Профессор ласково кивал, Кляйн вид имел торжественный.
– Вы это.., серьезно?..
– Да, – решительно сказал Кляйн.
– Мы… всего нас будет двенадцать… отправляемся в прошлое.
– И когда же? – безнадежно спросил Иван. Кляйн посмотрел на часы.
– Да вот.., уже через час. Все готово.
– Однако у вас.., быстро.
– А чего ждать? – спросил Кляйн и поднялся. – Отечество в опасности.
– Действительно, – поддержал его профессор.
– Чего ждать? Переоденемся вот, сандалии только наденем – и вперед.
Иван посмотрел на него, однако фон Кугельсдорф не шутил.
– А когда мы вернемся? – спросил Иван.
– Когда соберем весь талисман, – ответил профессор и тоже поднялся. – Наша машина, так сказать, времени… хотя она на машину вовсе даже и не похожа… так вот, она запрограммирована следующим образом: как только кто-то из нас прикоснется к части талисмана, все… кроме мертвых конечно.., отправляются в следующий пункт по программе – и так далее…
– А талисман куда денется? – спросил Иван, вставая со стула. – С собой его будем таскать, или он сюда переносится?

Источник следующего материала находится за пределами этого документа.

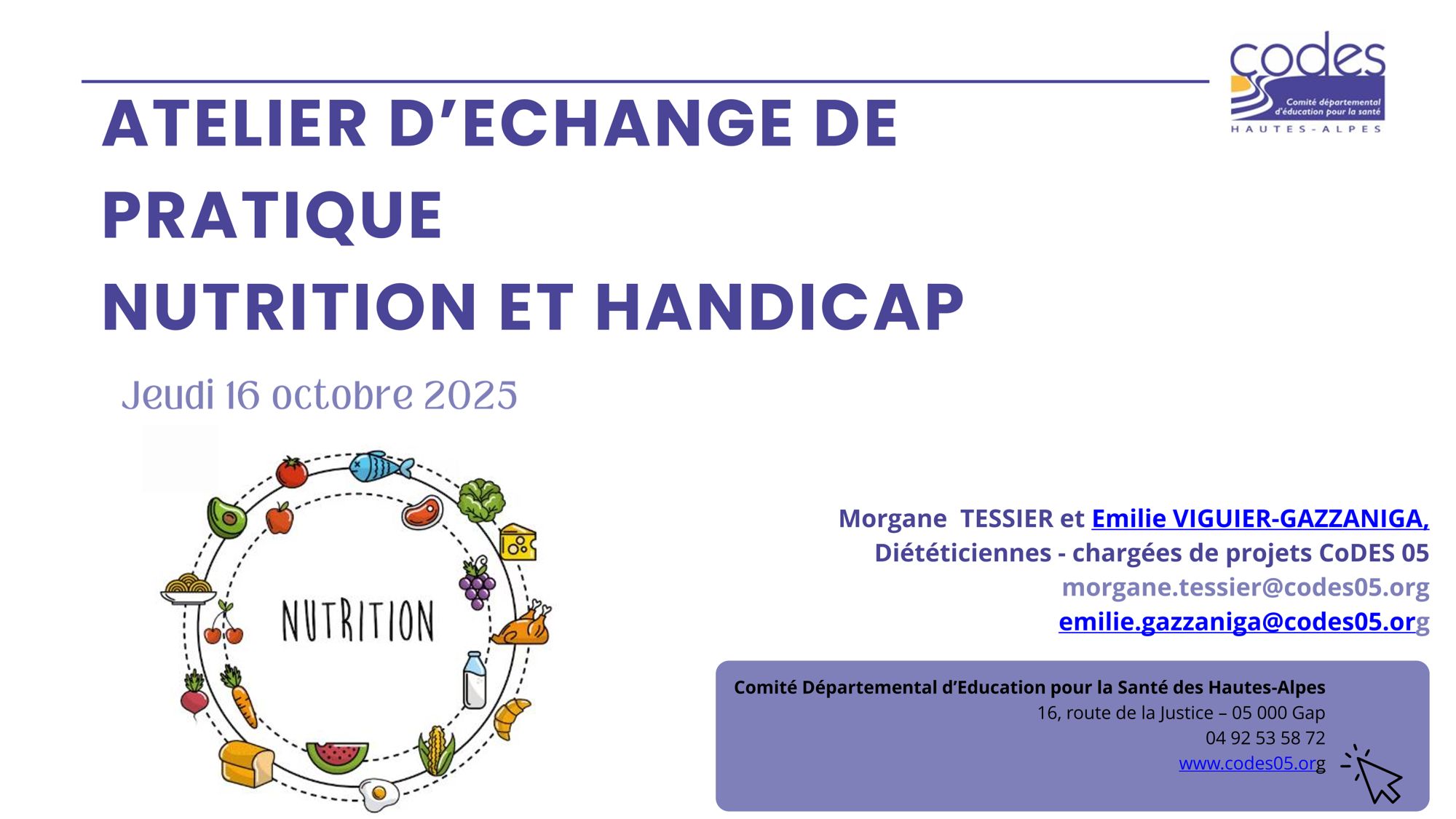 Echange de pratiques - Nutrition et Handicap Octobre 2025 Les présentations de la journée Présentation de la journée (2.8 Mo) Documents ressources Le Manger Mains - IREPS Bourgogne Franche-Comté - (7.2 Mo) Guide Nutrition 3S - Adapei Loire - (53.5 Mo) Troubles de l'alimentation et handicap mental / Guide pratique - Réseau Lucioles (21.9 Mo) Troubles de l'alimentation et handicap mental / Connaissances Approfondies - Réseau Lucioles (29.4 Mo) Autisme, des enfants bien dans leur assiette (3.7 Mo) Bien bouger pour prendre soin de ma santé - Santé BD (2.1 Mo) Mieux manger pour prendre soin de ma santé - Santé BD (5.3 Mo) GUIDE D’ACTION POUR LES PERSONNES EN SITUATION DE HANDICAP (ENFANTS/ADULTES) (2.5 Mo) PARAD en Falc (6.3 Mo) Préconisation Sport Autisme (3.5 Mo) Trouble de la déglutition (856.0 Ko) Fiche "L'hydratation" (973.2 Ko) Fiche " La dénutrition" (1.0 Mo) Fiche "La dénutrition" - CERIN (261.4 Ko) Diagnostic de la dénutrition chez l’enfant, l’adulte, et la personne de 70 ans et plus - HAS (361.8 Ko) Site internet Mangerbouger.fr Santé Bd : Banque d'images et BD pour facilité l'accès à la santé pour tous Réseau Lucioles - Alimentation et Oralité -

– Видите ли… – в затруднении начал профессор. – По всем нашим расчетам часть талисмана, пока не собраны все эти части, должна повиснуть в пустоте, в абсолютном вакууме, хотя это состояние и не совсем вакуум.., впрочем, я вам не буду морочить голову рассказами об эфирном ветре и реликтовом излучении. Так вот, только потом, когда уже все будет сделано, талисман целиком вернется вместе с нами сюда.

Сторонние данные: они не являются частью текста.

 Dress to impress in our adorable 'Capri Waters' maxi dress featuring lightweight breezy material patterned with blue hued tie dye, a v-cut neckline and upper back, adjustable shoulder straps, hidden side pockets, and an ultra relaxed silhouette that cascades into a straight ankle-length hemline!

– И насколько вы уверены в успехе? – поинтересовался Иван.
– Совершенно, – решительно сказал оберштурмбаннфюрер. – Солдаты фюрера не могут потерпеть поражения в решительной битве!

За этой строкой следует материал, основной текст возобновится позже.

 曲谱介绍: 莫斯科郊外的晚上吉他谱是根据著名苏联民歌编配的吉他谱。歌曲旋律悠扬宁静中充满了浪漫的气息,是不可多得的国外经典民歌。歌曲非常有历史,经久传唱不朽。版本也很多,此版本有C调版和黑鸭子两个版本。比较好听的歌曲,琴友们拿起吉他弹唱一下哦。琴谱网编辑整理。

У Ивана были сильные сомнения и по этому поводу, и по всем остальным, однако он счел за благо промолчать.
– Пойдемте же, – поторопил профессор. – Нам скоро отправляться.
Они вышли в коридор.
Запрограммирована, думал Иван, шагая вслед за немцами. Слова-то какие… машина времени… Я вам покажу…
– Вы что-то сказали? – внезапно обернулся профессор.
Иван даже растерялся.
– Нет…
– Это хорошо, – произнес профессор, и черная мерзкая пустота его глазами снова посмотрела на Ивана, заставляя кружиться голову.
Иван стиснул зубы, но глаз не отвел. Профессор приятно улыбнулся, и пустота на время отступила. Ох не прост был этот профессор с дурацким именем, ох не прост…
Через какое-то время они оказались в непонятном полутемном помещении; где было жарко, сухо и пахло почему-то канифолью. Они переоделись: какие-то льняные грубые тряпки – как пояснил профессор, "куттоноты", – корявые сандалии, и все.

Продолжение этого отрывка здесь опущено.